THE United States dollar has risen rapidly against the Singapore dollar, up from $1.23 to $1.26 in the last two weeks alone.
Experts say the greenback's quickfire surge against a range of currencies, including Singapore's, reflects the booming US stock market as well as fresh hopes the Federal Reserve will soon slow its stimulus measures.
A stimulus slowdown will lift the US dollar, as it would mean the Fed printing less money and possibly hiking interest rates, thus making it more attractive to hold the greenback.
The greenback is now at a 10-month high against the Singdollar, and is tipped to gain more ground in the current quarter before easing slightly by year-end.
"Improvement in US economic data has increased the expectation that the Fed could consider slowing down on the pace of bond purchases," said Phillip Futures investment analyst Lee Chen Hoay.
The Fed has been buying US$85 billion (S$106 billion) of bonds a month in a bid to inject cash into the system to kickstart the US economy. This loose monetary policy is called quantitative easing (QE).
Mr Lee said this expectation of a slowdown in bond purchases has caused the US dollar to flex its muscles against major currencies including the Singdollar.
According to Bloomberg data, the greenback has appreciated from $1.2289 to the Singdollar on May 8 to $1.2611 yesterday.
Another factor for the greenback's rapid rise is the bull charge on Wall Street.
Mr Wu Mingze, a market specialist at online foreign exchange trading service provider Oanda, said: "The US dollar has been gaining ground against all major currencies due to the rapid rise in US stocks."
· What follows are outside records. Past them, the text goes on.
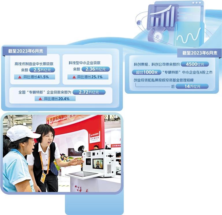 科技型企业贷款持续保持较快增长速度。截至2023年6月末,高技术制造业中长期贷款余额2.5万亿元,同比增长41.5%;科技型中小企业贷款余额2.36万亿元,同比增长25.1%;全国“专精特新”企业贷款余额为2.72万亿元,同比增长20.4%。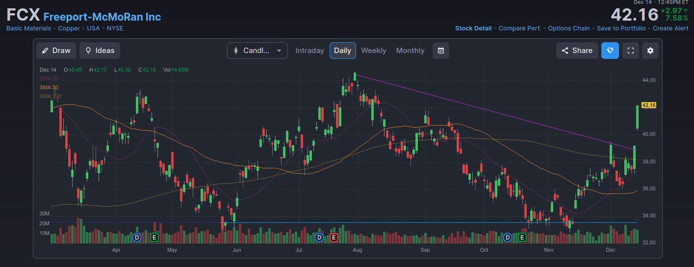 Auch der Kupfer und Goldgigant FCX profitiert naturgemäß von dem Hype bei Kupfer + Gold.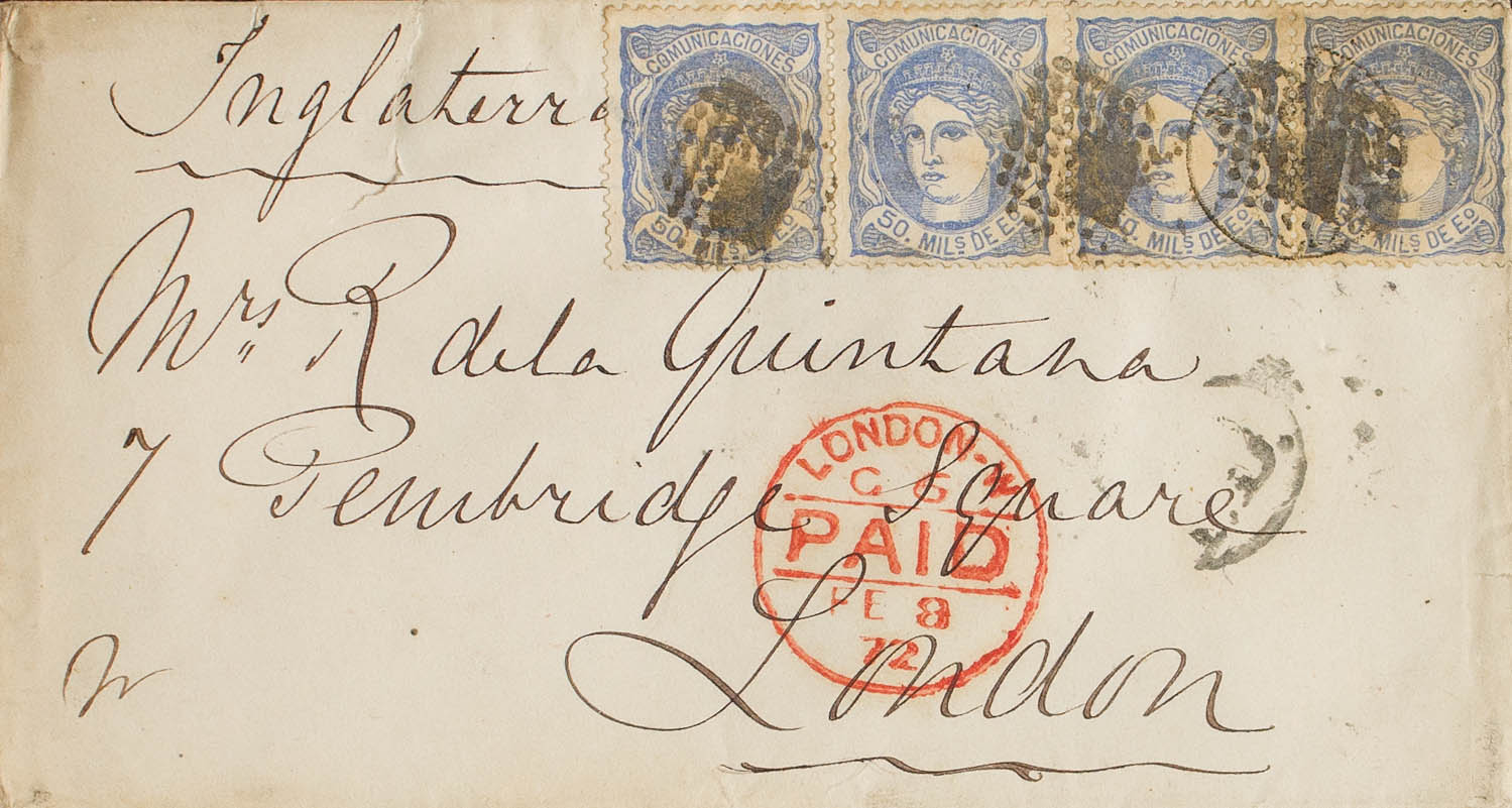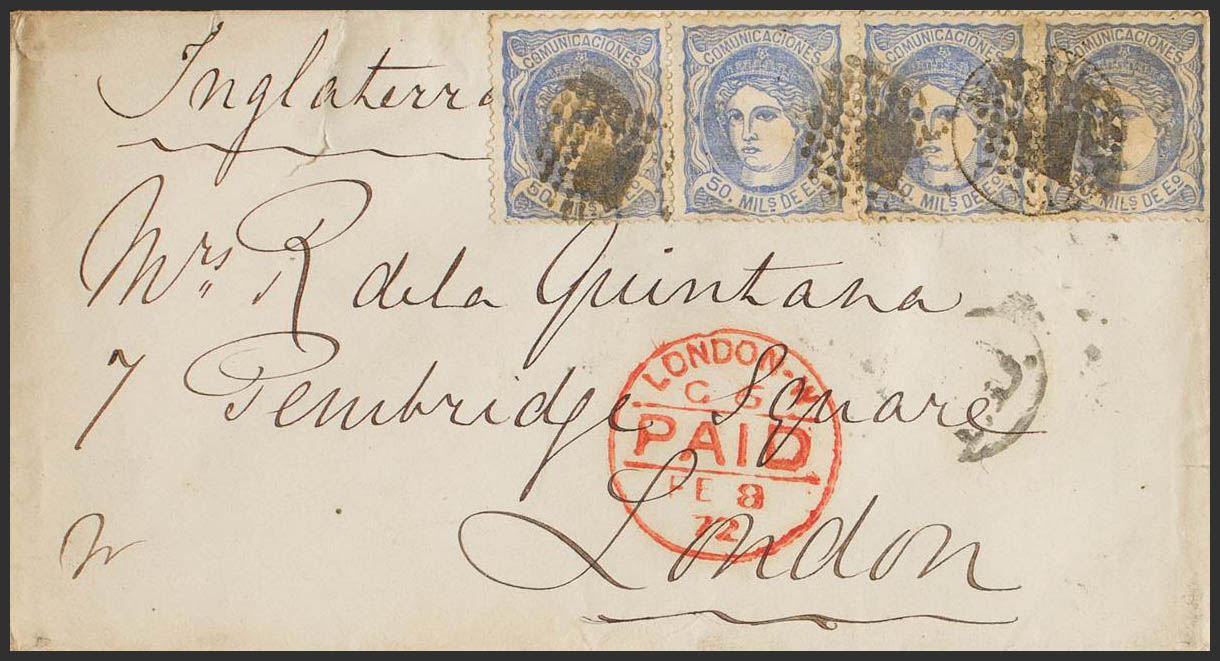 107(4). 1872. 50 mils ultramar, tira de cuatro sellos. MADRID a LONDRES (INGLATERRA). MAGNIFICA E INUSUAL COMBINACION DE FRANQUEO PARA COMPLETAR LA TARIFA DE 200 MILS.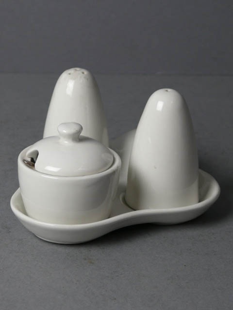 WEDGWOOD PLAIN WHITE CHINA CONDIMENT SET SALT, PEPPER AND COVERED MUSTARD POT WITH SPOON ON TRAY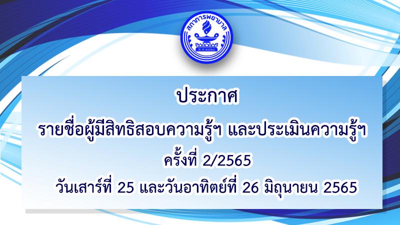 ประกาศรายชื่อผู้มีสิทธิสอบความรู้ฯ และประเมินความรู้ฯ ครั้งที่ 2/2565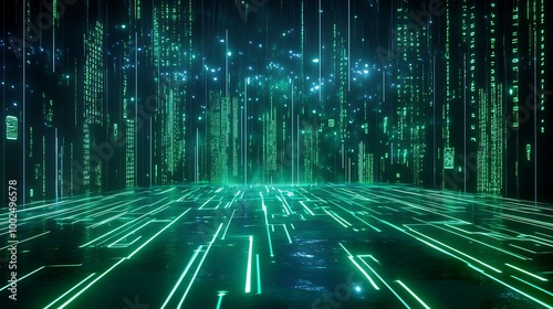 Futuristic digital environment with glowing green lines and data streams on a dark background.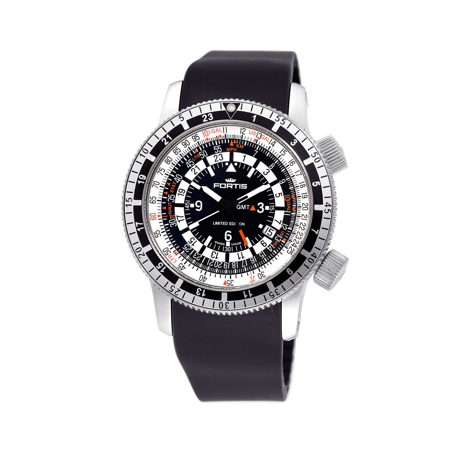 A cult watch with a diameter of 47 mm, the B-47 Calculator was developed to pilots’ specifications to fulfill the need for all typical flight parameters. Comfortable and highly exact, this watch features Swiss micro-mechanics in perfect symbiosis with the classical slide-rule function and exceptionally good legibility. This modern classic offers 3 time zones, a countdown function and country specific conversion scales. The case back reveals a temperature scale in Celsius and Fahrenheit as well as the individual watch identity number.

Earlier this month, the Dow Jones Industrial Average stock index crossed the 15,000-point mark for the first time and hit an all-time peak. The index is now around 15,400.
Fed chairman Ben Bernanke was due to address the US Congress last night. His comments would have been keenly monitored for signs of whether the pace of QE will be adjusted.
UOB noted: "We think the US dollar strength could very well surpass the 'gradual appreciation' of the Singdollar in the overall scheme of things."
Thus, it expects the greenback to hit $1.27 against the Singdollar by the end of next month before easing to $1.25 by the end of 2013.
While the Singdollar has weakened against the US dollar, it has gained ground on other key currencies such as Australia's dollar.
A robust US dollar benefits Singapore manufacturers such as electronics firm Aldon Technologies, which buys raw materials and sells its goods using it.
Managing director Allen Ang said: "It's good for us that the US dollar is gaining momentum, as we sell US dollars to fund our Singapore operations."
But a stronger US dollar would hurt the bottom lines of businesses here which buy their goods from there. Mr Lee said: "The higher import cost could see businesses passing the increase to the consumers by raising prices."